**Work to be completed:** Among the records that follow, find the line with "Men's Green Pullover" and the line with "ハリ感の強い薄手のコットンリ". Set down those lines and all lines between them exactly, without adding anything.
(Working data)
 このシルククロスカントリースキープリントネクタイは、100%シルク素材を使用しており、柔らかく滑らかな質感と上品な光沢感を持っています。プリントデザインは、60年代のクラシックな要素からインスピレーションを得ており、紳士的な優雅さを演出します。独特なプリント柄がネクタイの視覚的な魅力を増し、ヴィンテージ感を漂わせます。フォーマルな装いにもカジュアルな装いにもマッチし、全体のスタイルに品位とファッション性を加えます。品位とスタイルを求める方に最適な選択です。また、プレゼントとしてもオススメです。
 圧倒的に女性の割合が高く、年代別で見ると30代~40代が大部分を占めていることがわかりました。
(End Working data)
(Working data)
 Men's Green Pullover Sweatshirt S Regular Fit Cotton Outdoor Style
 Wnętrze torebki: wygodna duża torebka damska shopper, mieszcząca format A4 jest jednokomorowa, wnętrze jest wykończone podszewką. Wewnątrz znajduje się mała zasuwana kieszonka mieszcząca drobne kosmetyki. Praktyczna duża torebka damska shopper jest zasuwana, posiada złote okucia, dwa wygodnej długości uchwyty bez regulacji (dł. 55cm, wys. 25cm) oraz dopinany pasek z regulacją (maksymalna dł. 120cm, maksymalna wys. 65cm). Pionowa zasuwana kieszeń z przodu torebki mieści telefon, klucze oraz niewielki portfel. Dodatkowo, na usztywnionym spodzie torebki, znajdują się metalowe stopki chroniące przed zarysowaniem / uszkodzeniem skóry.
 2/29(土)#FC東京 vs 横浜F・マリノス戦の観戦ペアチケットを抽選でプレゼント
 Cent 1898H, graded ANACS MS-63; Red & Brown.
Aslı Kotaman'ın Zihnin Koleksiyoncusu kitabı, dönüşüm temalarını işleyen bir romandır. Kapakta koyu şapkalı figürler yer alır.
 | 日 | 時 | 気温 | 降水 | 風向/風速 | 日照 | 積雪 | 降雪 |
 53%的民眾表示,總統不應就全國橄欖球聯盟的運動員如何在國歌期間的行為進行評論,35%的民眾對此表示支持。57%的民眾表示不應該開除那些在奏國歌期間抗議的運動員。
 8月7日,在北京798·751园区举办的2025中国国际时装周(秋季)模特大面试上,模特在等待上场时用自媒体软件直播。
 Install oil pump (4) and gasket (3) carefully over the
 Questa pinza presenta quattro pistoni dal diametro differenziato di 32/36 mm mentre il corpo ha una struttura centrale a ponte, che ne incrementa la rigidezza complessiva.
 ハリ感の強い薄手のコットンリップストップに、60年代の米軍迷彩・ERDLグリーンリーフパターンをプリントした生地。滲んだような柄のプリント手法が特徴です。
(End Working data)
(Working data)
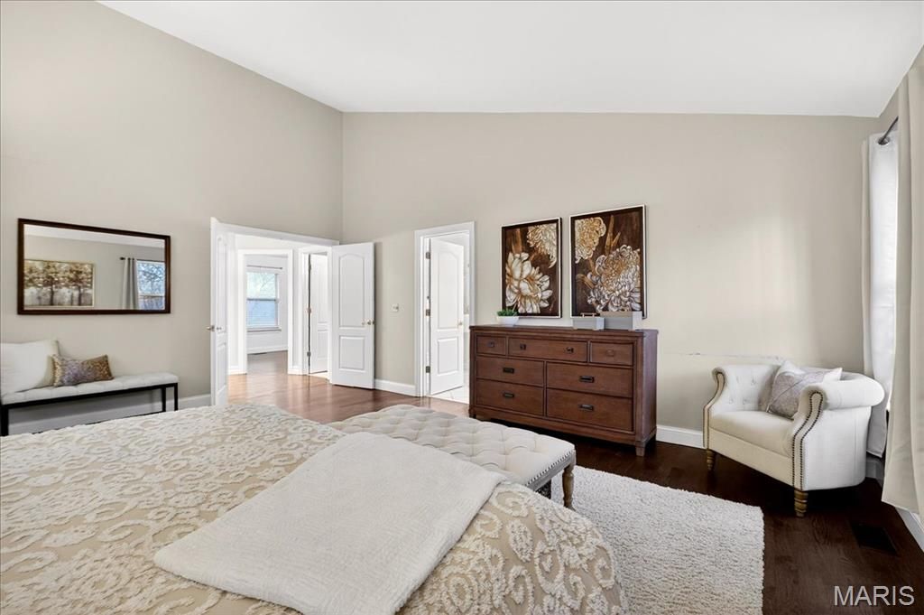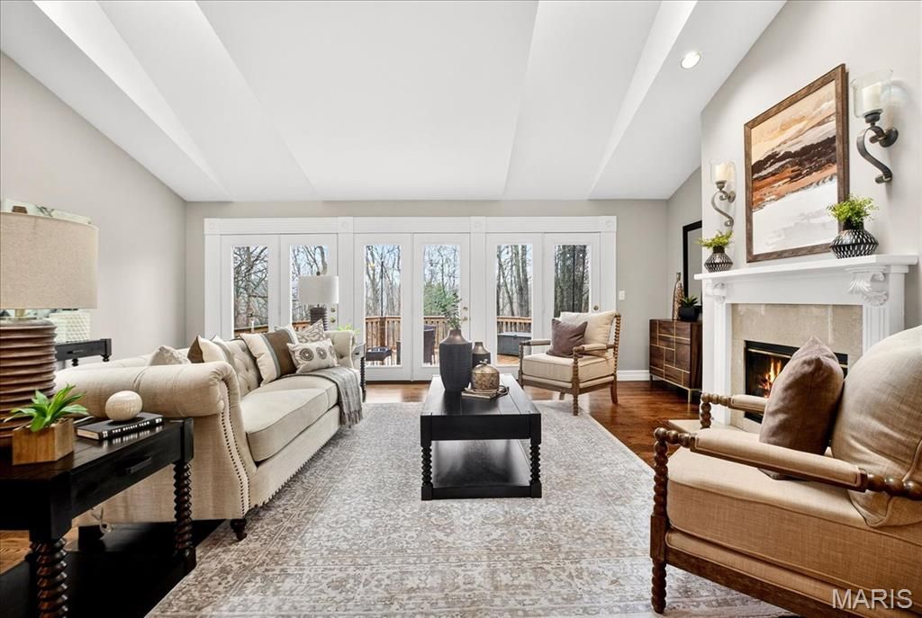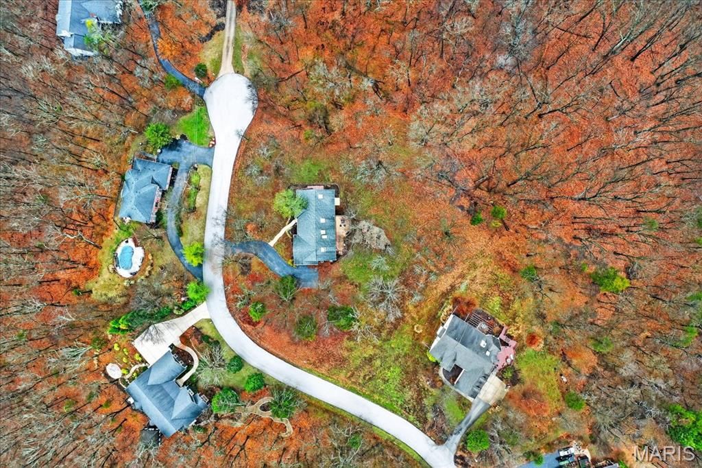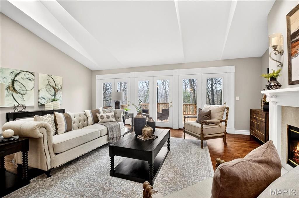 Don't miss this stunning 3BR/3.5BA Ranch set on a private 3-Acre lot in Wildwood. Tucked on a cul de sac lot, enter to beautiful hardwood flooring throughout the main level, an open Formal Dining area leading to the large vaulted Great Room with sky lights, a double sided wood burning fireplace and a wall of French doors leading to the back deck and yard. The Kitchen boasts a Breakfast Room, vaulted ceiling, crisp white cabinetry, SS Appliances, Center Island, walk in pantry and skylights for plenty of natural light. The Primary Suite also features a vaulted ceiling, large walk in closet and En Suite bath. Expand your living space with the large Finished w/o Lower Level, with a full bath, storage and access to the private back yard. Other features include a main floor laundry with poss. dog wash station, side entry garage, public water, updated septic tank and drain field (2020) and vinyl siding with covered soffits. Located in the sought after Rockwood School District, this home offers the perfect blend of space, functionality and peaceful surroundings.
(End Working data)
**The answer:**
 Men's Green Pullover Sweatshirt S Regular Fit Cotton Outdoor Style
 Wnętrze torebki: wygodna duża torebka damska shopper, mieszcząca format A4 jest jednokomorowa, wnętrze jest wykończone podszewką. Wewnątrz znajduje się mała zasuwana kieszonka mieszcząca drobne kosmetyki. Praktyczna duża torebka damska shopper jest zasuwana, posiada złote okucia, dwa wygodnej długości uchwyty bez regulacji (dł. 55cm, wys. 25cm) oraz dopinany pasek z regulacją (maksymalna dł. 120cm, maksymalna wys. 65cm). Pionowa zasuwana kieszeń z przodu torebki mieści telefon, klucze oraz niewielki portfel. Dodatkowo, na usztywnionym spodzie torebki, znajdują się metalowe stopki chroniące przed zarysowaniem / uszkodzeniem skóry.
 2/29(土)#FC東京 vs 横浜F・マリノス戦の観戦ペアチケットを抽選でプレゼント
 Cent 1898H, graded ANACS MS-63; Red & Brown.
Aslı Kotaman'ın Zihnin Koleksiyoncusu kitabı, dönüşüm temalarını işleyen bir romandır. Kapakta koyu şapkalı figürler yer alır.
 | 日 | 時 | 気温 | 降水 | 風向/風速 | 日照 | 積雪 | 降雪 |
 53%的民眾表示,總統不應就全國橄欖球聯盟的運動員如何在國歌期間的行為進行評論,35%的民眾對此表示支持。57%的民眾表示不應該開除那些在奏國歌期間抗議的運動員。
 8月7日,在北京798·751园区举办的2025中国国际时装周(秋季)模特大面试上,模特在等待上场时用自媒体软件直播。
 Install oil pump (4) and gasket (3) carefully over the
 Questa pinza presenta quattro pistoni dal diametro differenziato di 32/36 mm mentre il corpo ha una struttura centrale a ponte, che ne incrementa la rigidezza complessiva.
 ハリ感の強い薄手のコットンリップストップに、60年代の米軍迷彩・ERDLグリーンリーフパターンをプリントした生地。滲んだような柄のプリント手法が特徴です。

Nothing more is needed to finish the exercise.